[Information shown — start]
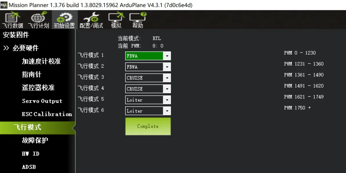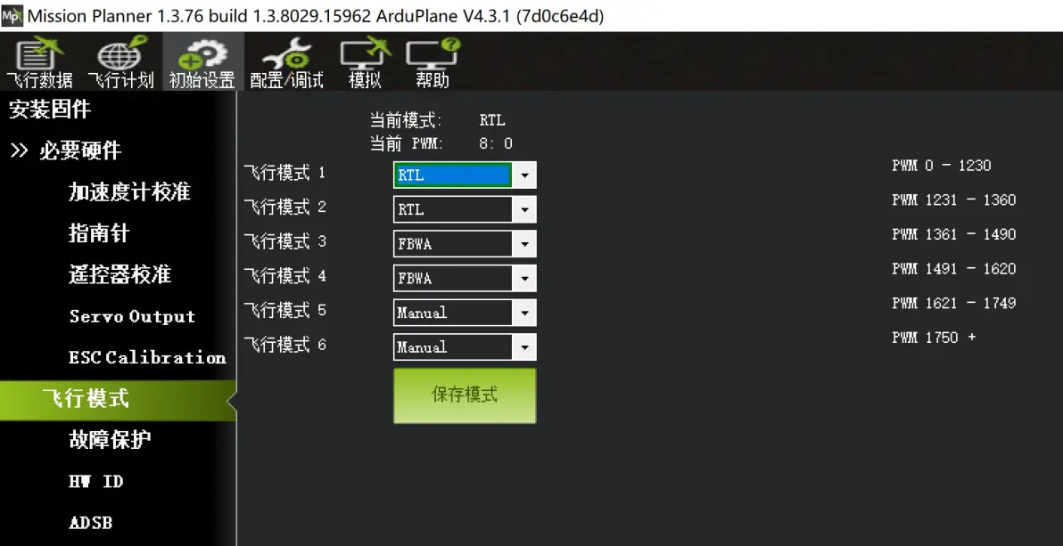 每一段模式,都可以在下拉菜单中进行选择对应的模式: 根据众多模友的一致推荐选择,固定翼推荐大家使用以下模式设置(确保遥控6段开关模式切换正常) 六段开关推荐设置模式:1,RTL返航模式。2,FBWA增稳模式。3,CRUISE巡航模式。4,AUTO自动航点模式。5,LOITER留待模式。6,MANUAL 手动模式 根据下拉菜单选择对应的6个模式,最后点击“保存模式”即可。如下图
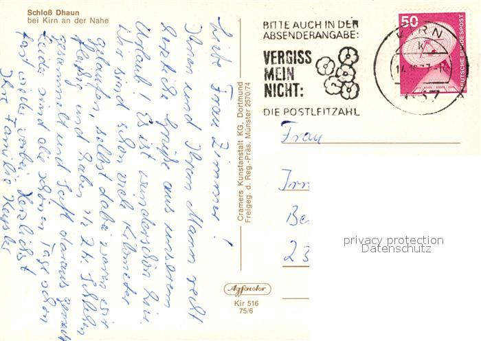 73123191 alte Postkarte Kirn Nahe Fliegeraufnahme Schloss Dhaun postalisch gelaufen Erhaltung siehe scans [LiesaD40] KatCode: 11110007133052
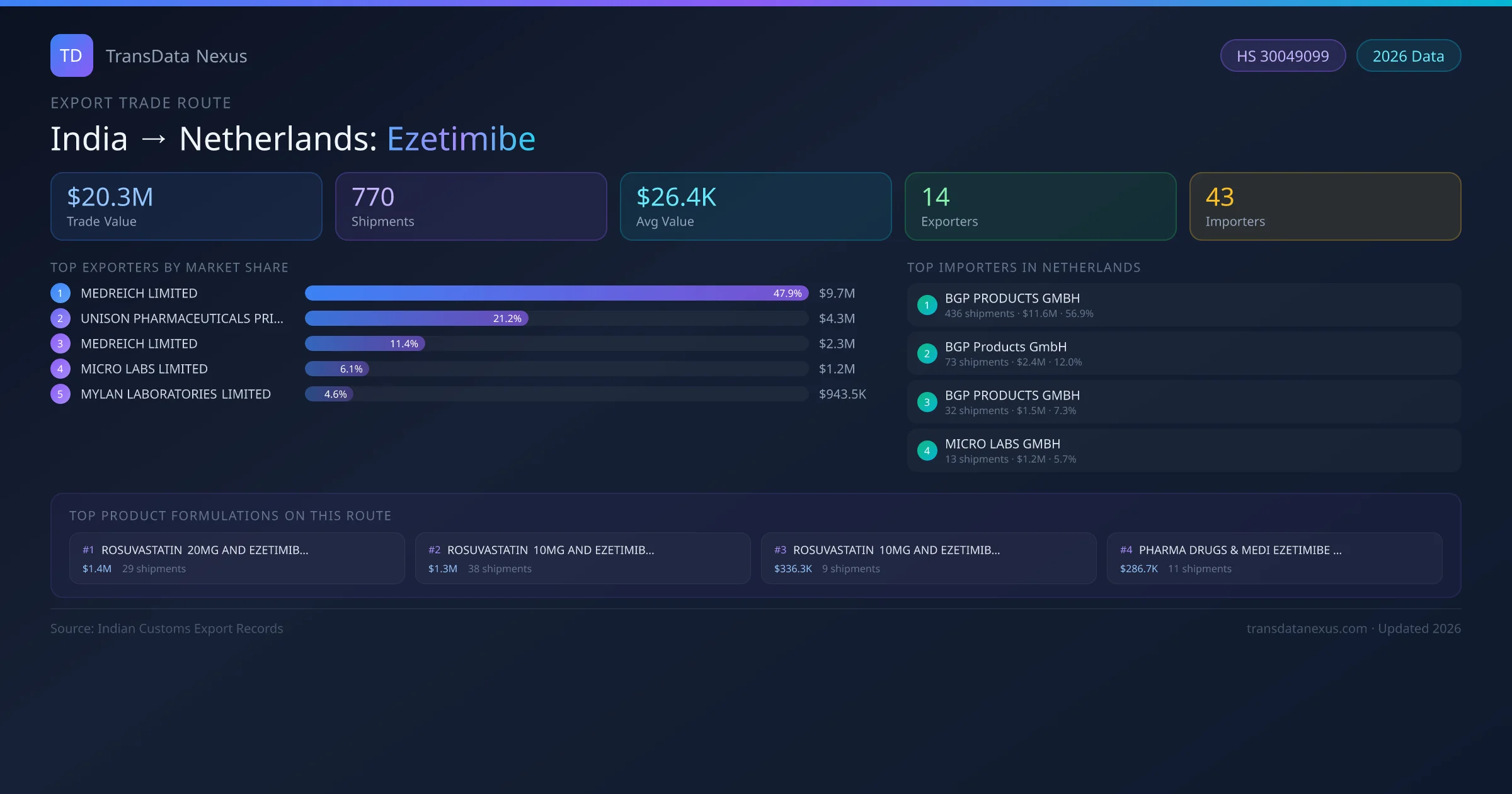 India has recorded 770 verified shipments of Ezetimibe exported to Netherlands, representing a combined trade value of $20.3M USD. This corridor is served by 14 active Indian exporters, with an average shipment value of $26.4K USD. The leading Indian exporter is MEDREICH LIMITED, which accounts for 48% of total export value with 309 shipments worth $9.7M USD. On the buying side, BGP PRODUCTS GMBH is the largest importer in Netherlands with $11.6M USD in purchases. The top 3 suppliers — MEDREICH LIMITED, UNISON PHARMACEUTICALS PRIVATE LIMITED, MEDREICH LIMITED — together control 81% of total trade value on this route. All data sourced from Indian Customs (DGFT) shipping bill records. Values reported in FOB USD.
[Information shown — finish]
> _Work request_: In the copy, include each line from the start of the material through the line with "73123191 alte Postkarte", word for word, but none of the pictures.

> _Exercise solution_:
 每一段模式,都可以在下拉菜单中进行选择对应的模式: 根据众多模友的一致推荐选择,固定翼推荐大家使用以下模式设置(确保遥控6段开关模式切换正常) 六段开关推荐设置模式:1,RTL返航模式。2,FBWA增稳模式。3,CRUISE巡航模式。4,AUTO自动航点模式。5,LOITER留待模式。6,MANUAL 手动模式 根据下拉菜单选择对应的6个模式,最后点击“保存模式”即可。如下图
 73123191 alte Postkarte Kirn Nahe Fliegeraufnahme Schloss Dhaun postalisch gelaufen Erhaltung siehe scans [LiesaD40] KatCode: 11110007133052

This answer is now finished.